Data below:

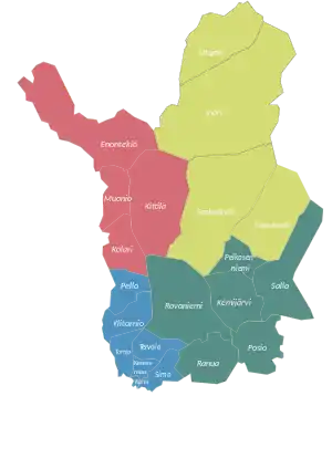 Lapland is divided into twenty municipalities, four of which (Tornio, Kemi, Rovaniemi, and Kemijärvi) are denoted as a city. Some of the other "cities" have just a few hundred inhabitants, if that, but here we go.
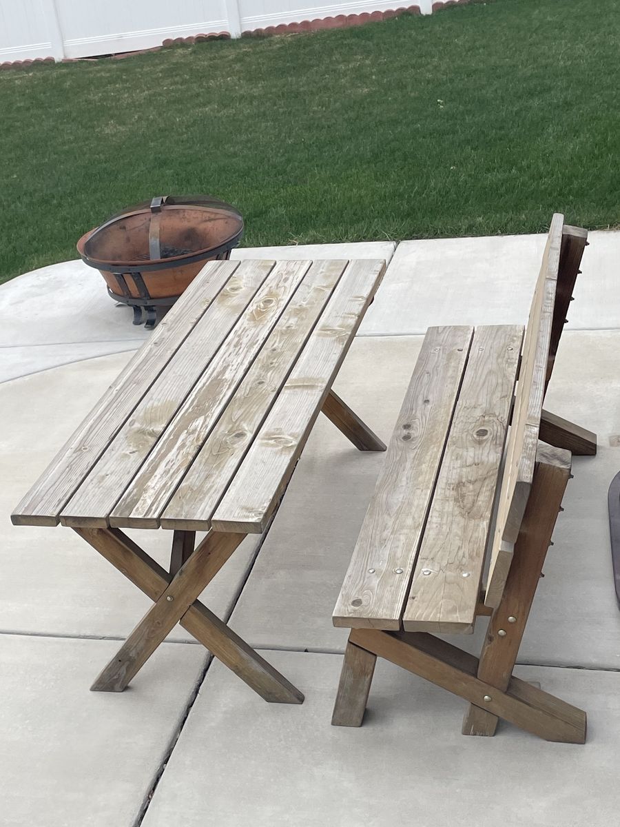VenmoSturdy wooden patio table and bench. As you can see it needs to be refinished if you want it to look nice. Table: 6' long 28.75 wide 30 tall Bench: 6' long 28.5 wide 36 tall
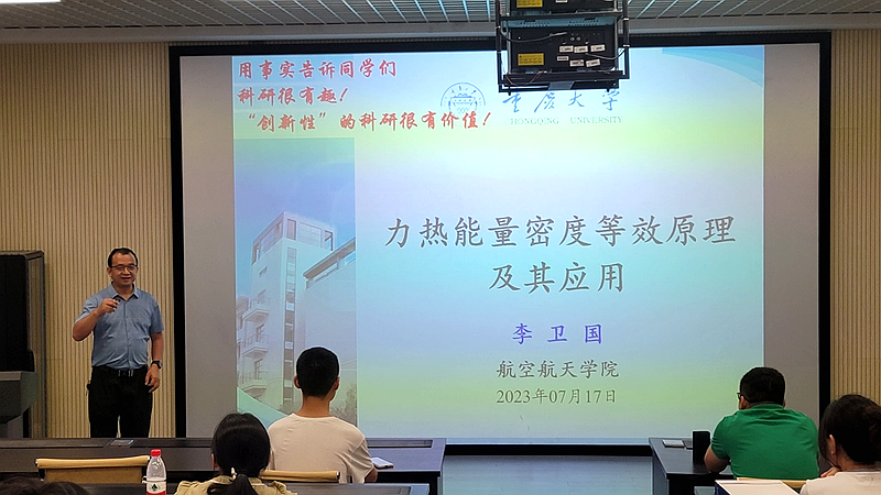 为各位营员安排了5位老师作学术报告。李卫国教授以“力热能量密度等效原理及其应用”为主题,介绍了团队的研究成果,与同学们分享了科学研究的乐趣;龚愉副教授阐述了渐进损伤分析方法研究进展及其在五楼自拍结构分析中的应用;张亮教授以柔性张拉整体与充气薄膜结构计算力学初探为题介绍了相关研究进展;黄培副教授介绍了树脂基五楼自拍及其在航空航天中的应用;陈立明教授则以生动的研究案例为同学们介绍了热塑性五楼自拍夹芯结构设计制备与力学性能研究。各位老师的精彩报告加深了同学们对五楼自拍
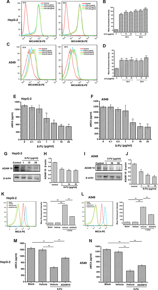 Figure 3: 5-FU enhances and maintains the expression of membrane MICA on HepG-2 and A549 cells by preventing ADAM10 expression. (A–D) The membrane MICA expression on HepG-2 and A549 cells is enhanced after being exposed to 20 μg/mL of 5-FU for 24 h. The mean fluorescence intensity in each group is examined using flow cytometry. The histogram overlays shown in panels A and C are representative of triplicates, and the combined results are presented in panels B and D. (E–F) 5-FU inhibits sMICA secretion in a dose-dependent manner in the supernatant of HepG-2 (E) and A549 (F) cells after 24 h. (G, I) 5-FU suppresses the protein expression of ADAM10 in HepG-2 (G) and A549 (I) cells in a dose-dependent manner. H, J. Densitometric analysis of ADAM10 protein levels in Western blots of HepG-2 (H) and A549 cells (J). Values are presented as the means ± SD from three separate experiments. **P < 0.01 compared with the control group. Shown are representative blots from three independent experiments with similar results. (K–L) The increasement of membrane MICA expression on HepG-2 (K) or A549 cells (L) induced by 5-FU is impaired by the overexpression of ADAM10. Tumor cells were divided into ADAM10 group (ADAM10-overexpressed plasmid group), vehicle group (blank-Vector-transfected group) and blank group (no DNA-transfected group), and then incubated with 5-FU (20 μg/mL) for further 24 h. The mean fluorescence intensity in each group is analyzed using flow cytometry. The histogram overlays shown in left panels are the representative of triplicates, and the combined results are presented in right panels. (M–N) ADAM 10 overexpression attenuates 5-FU-suppressed sMICA secretion in the supernatant of HepG-2 (M) and A549 (N) cells was weaken in the ADAM 10 overexpression group. Data are presented as the means ± SD from three separate experiments. **P < 0.01 compared with the cells in the vehicle group treated with 5-FU.

End of Data.

* Exercise *
Each line of the data above must be reproduced as written. Skip the pictures.

* Solution to this problem *
 Lapland is divided into twenty municipalities, four of which (Tornio, Kemi, Rovaniemi, and Kemijärvi) are denoted as a city. Some of the other "cities" have just a few hundred inhabitants, if that, but here we go.
VenmoSturdy wooden patio table and bench. As you can see it needs to be refinished if you want it to look nice. Table: 6' long 28.75 wide 30 tall Bench: 6' long 28.5 wide 36 tall
 为各位营员安排了5位老师作学术报告。李卫国教授以“力热能量密度等效原理及其应用”为主题,介绍了团队的研究成果,与同学们分享了科学研究的乐趣;龚愉副教授阐述了渐进损伤分析方法研究进展及其在五楼自拍结构分析中的应用;张亮教授以柔性张拉整体与充气薄膜结构计算力学初探为题介绍了相关研究进展;黄培副教授介绍了树脂基五楼自拍及其在航空航天中的应用;陈立明教授则以生动的研究案例为同学们介绍了热塑性五楼自拍夹芯结构设计制备与力学性能研究。各位老师的精彩报告加深了同学们对五楼自拍
 Figure 3: 5-FU enhances and maintains the expression of membrane MICA on HepG-2 and A549 cells by preventing ADAM10 expression. (A–D) The membrane MICA expression on HepG-2 and A549 cells is enhanced after being exposed to 20 μg/mL of 5-FU for 24 h. The mean fluorescence intensity in each group is examined using flow cytometry. The histogram overlays shown in panels A and C are representative of triplicates, and the combined results are presented in panels B and D. (E–F) 5-FU inhibits sMICA secretion in a dose-dependent manner in the supernatant of HepG-2 (E) and A549 (F) cells after 24 h. (G, I) 5-FU suppresses the protein expression of ADAM10 in HepG-2 (G) and A549 (I) cells in a dose-dependent manner. H, J. Densitometric analysis of ADAM10 protein levels in Western blots of HepG-2 (H) and A549 cells (J). Values are presented as the means ± SD from three separate experiments. **P < 0.01 compared with the control group. Shown are representative blots from three independent experiments with similar results. (K–L) The increasement of membrane MICA expression on HepG-2 (K) or A549 cells (L) induced by 5-FU is impaired by the overexpression of ADAM10. Tumor cells were divided into ADAM10 group (ADAM10-overexpressed plasmid group), vehicle group (blank-Vector-transfected group) and blank group (no DNA-transfected group), and then incubated with 5-FU (20 μg/mL) for further 24 h. The mean fluorescence intensity in each group is analyzed using flow cytometry. The histogram overlays shown in left panels are the representative of triplicates, and the combined results are presented in right panels. (M–N) ADAM 10 overexpression attenuates 5-FU-suppressed sMICA secretion in the supernatant of HepG-2 (M) and A549 (N) cells was weaken in the ADAM 10 overexpression group. Data are presented as the means ± SD from three separate experiments. **P < 0.01 compared with the cells in the vehicle group treated with 5-FU.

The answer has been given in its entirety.